Vitamin E health claim approval for Alzheimer's disease

By Nicholas Robinson

- Last updated on GMT

Vitamin E could soon win a coveted health claim approval for slowing the development of Alzheimer's disease
Vitamin E could soon win a coveted health claim approval for slowing the development of Alzheimer's disease

Related tags Health claim Nutrition

Vitamin E could soon get health claim approval for slowing the onset of Alzheimer’s disease, according to a leading scientist in the field.

Huge amounts of research have been published about vitamin E’s ability to maintain brain health and this would inevitably lead to an Article 13 ‘general function’ claim under the EU's Nutrition and Health Claims Regulation, said Professor Manfred Eggersdorfer, DSM’s senior vice president of nutrition science and advocacy.
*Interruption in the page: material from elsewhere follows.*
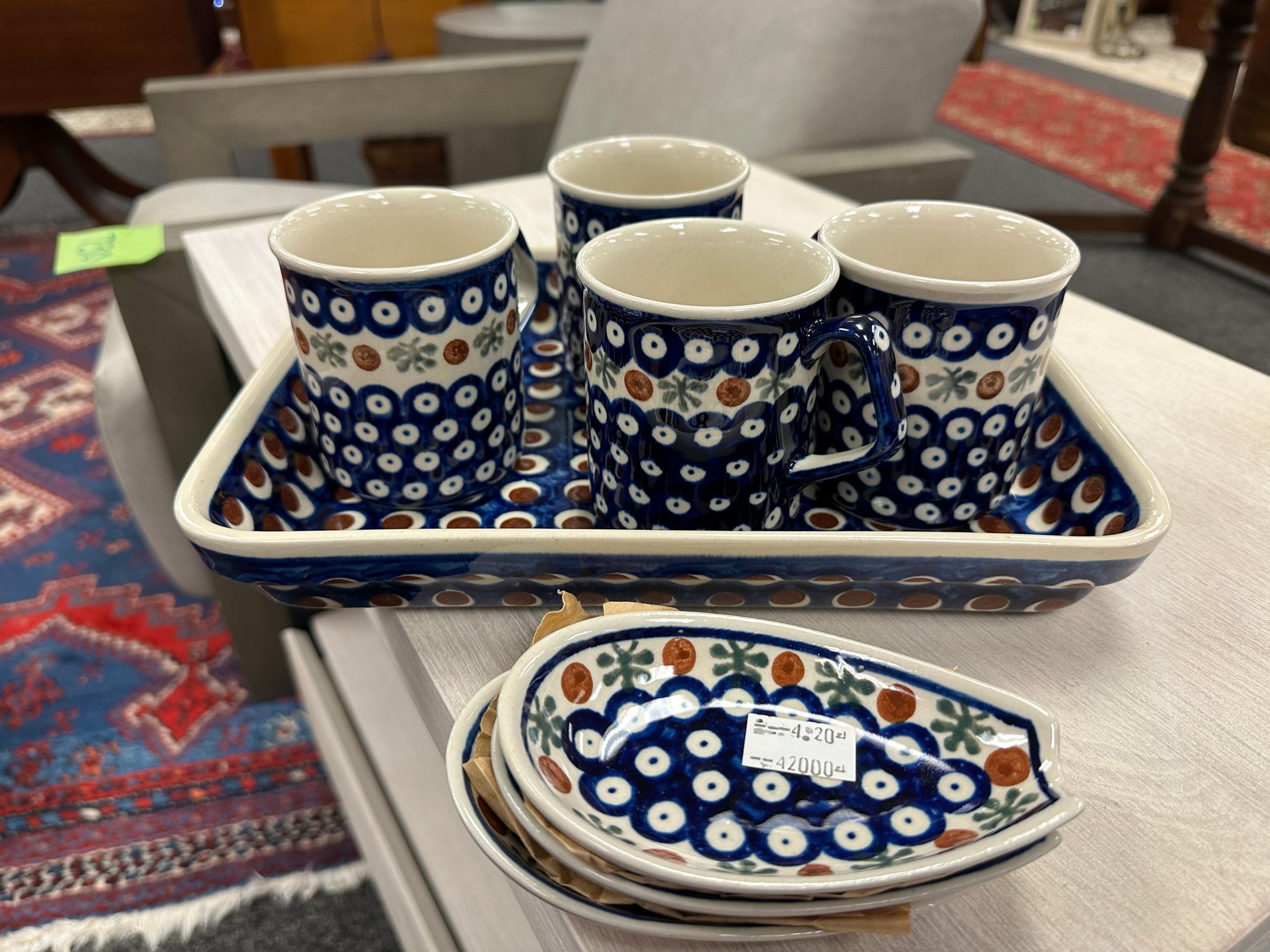 includes casserole dish, 4 mugs and 3 spoon rests blue and white Polish pottery commands a higher cost due to its handmade and unique craftsmanship. Each piece bears the weight of authenticity, showcasing individual styles with no automated production

“There are several strong studies about vitamin E and the effect it has on brain health​,” said Eggersdorfer. Studies, such as Professor Maurice Dysken’s ‘Effect of vitamin E and memantine on functional decline in Alzheimer’s disease’, which was published in the Journal of the American Medical Association in 2014, provided compelling evidence to support a health claim, he said.

Deaths

Deaths from dementia had risen by 52% since 1990 to 49,349 in 2013. The condition was now the third most common cause of death in the UK overtaking lung cancer according to figures from the Global Burden of Disease Study 2013, published in The Lancet last month.

Dysken, a professor of psychiatry at the University of Minnesota, claimed the onset of Alzheimer’s disease was delayed by six months in those who took a daily vitamin E supplement.

Vitamin E’s effects were assessed in a trial which also involved a placebo and the drug selegiline, which is also believed to slow the progression of Alzheimer’s disease.

“Vitamin E came out on top in the study,”​ Eggersdorfer reported. “A health claim could be the potential outcome of current studies.”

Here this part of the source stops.